◆ Exercise instructions ◆
Write out, word for word, the part of the listing below that opens with the line containing "经过班赛的答题竞争,每班选出" and closes with the line containing "春夏のプリーツスカートコーデ", keeping both of those lines and adding no others.

►

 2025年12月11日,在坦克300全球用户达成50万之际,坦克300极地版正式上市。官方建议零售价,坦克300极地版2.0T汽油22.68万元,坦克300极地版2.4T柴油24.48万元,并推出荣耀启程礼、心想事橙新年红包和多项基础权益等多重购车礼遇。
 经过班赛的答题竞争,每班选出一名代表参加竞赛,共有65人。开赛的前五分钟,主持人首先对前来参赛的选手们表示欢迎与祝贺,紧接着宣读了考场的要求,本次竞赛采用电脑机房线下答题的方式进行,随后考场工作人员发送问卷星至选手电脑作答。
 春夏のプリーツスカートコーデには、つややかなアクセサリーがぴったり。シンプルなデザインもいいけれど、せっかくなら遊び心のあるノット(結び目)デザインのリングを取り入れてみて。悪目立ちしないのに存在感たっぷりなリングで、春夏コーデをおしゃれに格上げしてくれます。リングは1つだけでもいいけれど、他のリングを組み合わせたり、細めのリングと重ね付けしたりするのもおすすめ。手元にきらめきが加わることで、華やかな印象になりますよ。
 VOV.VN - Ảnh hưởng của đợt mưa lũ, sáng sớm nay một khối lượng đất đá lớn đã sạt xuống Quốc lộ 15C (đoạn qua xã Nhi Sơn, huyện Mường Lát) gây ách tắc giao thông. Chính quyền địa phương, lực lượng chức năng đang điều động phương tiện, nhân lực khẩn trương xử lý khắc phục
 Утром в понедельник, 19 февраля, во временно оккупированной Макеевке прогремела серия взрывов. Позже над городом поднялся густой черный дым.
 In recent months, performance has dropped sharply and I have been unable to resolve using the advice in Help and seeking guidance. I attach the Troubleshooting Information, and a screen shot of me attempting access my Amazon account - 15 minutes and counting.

◄

◆ Written response ◆
 经过班赛的答题竞争,每班选出一名代表参加竞赛,共有65人。开赛的前五分钟,主持人首先对前来参赛的选手们表示欢迎与祝贺,紧接着宣读了考场的要求,本次竞赛采用电脑机房线下答题的方式进行,随后考场工作人员发送问卷星至选手电脑作答。
 春夏のプリーツスカートコーデには、つややかなアクセサリーがぴったり。シンプルなデザインもいいけれど、せっかくなら遊び心のあるノット(結び目)デザインのリングを取り入れてみて。悪目立ちしないのに存在感たっぷりなリングで、春夏コーデをおしゃれに格上げしてくれます。リングは1つだけでもいいけれど、他のリングを組み合わせたり、細めのリングと重ね付けしたりするのもおすすめ。手元にきらめきが加わることで、華やかな印象になりますよ。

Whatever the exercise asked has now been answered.